So Marius was left in peace.

M. Gillenormand first passed through all manner of anguish, and then
through every form of ecstasy. It was found difficult to prevent
his passing every night beside the wounded man; he had his big
arm-chair carried to Marius' bedside; he required his daughter
to take the finest linen in the house for compresses and bandages.
Mademoiselle Gillenormand, like a sage and elderly person,
contrived to spare the fine linen, while allowing the grandfather
to think that he was obeyed. M. Gillenormand would not permit
any one to explain to him, that for the preparation of lint
batiste is not nearly so good as coarse linen, nor new linen
as old linen. He was present at all the dressings of the wounds
from which Mademoiselle Gillenormand modestly absented herself.
When the dead flesh was cut away with scissors, he said: "Aie! aie!"
Nothing was more touching than to see him with his gentle,
senile palsy, offer the wounded man a cup of his cooling-draught.
He overwhelmed the doctor with questions. He did not observe
that he asked the same ones over and over again.

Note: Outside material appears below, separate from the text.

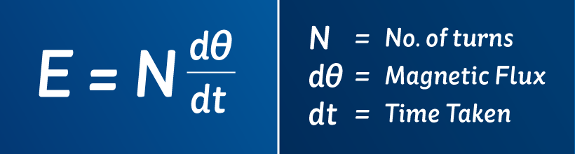 An EMF (Electro-Magnetic Force) is induced from the three coils, which are held in fixed position within the steel laminated casing on the Stator. This is a very clear example of Faraday's Law in action.

On the day when the doctor announced to him that Marius was out
of danger, the good man was in a delirium. He made his porter a present
of three louis. That evening, on his return to his own chamber,
he danced a gavotte, using his thumb and forefinger as castanets,
and he sang the following song:

"Jeanne est nee a Fougere "Amour, tu vis en elle;
Vrai nid d'une bergere; Car c'est dans sa prunelle
J'adore son jupon, Que tu mets ton carquois.
Fripon. Narquois!

"Moi, je la chante, et j'aime,
Plus que Diane meme,
Jeanne et ses durs tetons
Bretons."[61]



[61] "Jeanne was born at Fougere, a true shepherd's nest; I adore
her petticoat, the rogue.

"Love, thou dwellest in her; For 'tis in her eyes that thou placest
thy quiver, sly scamp!

"As for me, I sing her, and I love, more than Diana herself,
Jeanne and her firm Breton breasts."


Then he knelt upon a chair, and Basque, who was watching him
through the half-open door, made sure that he was praying.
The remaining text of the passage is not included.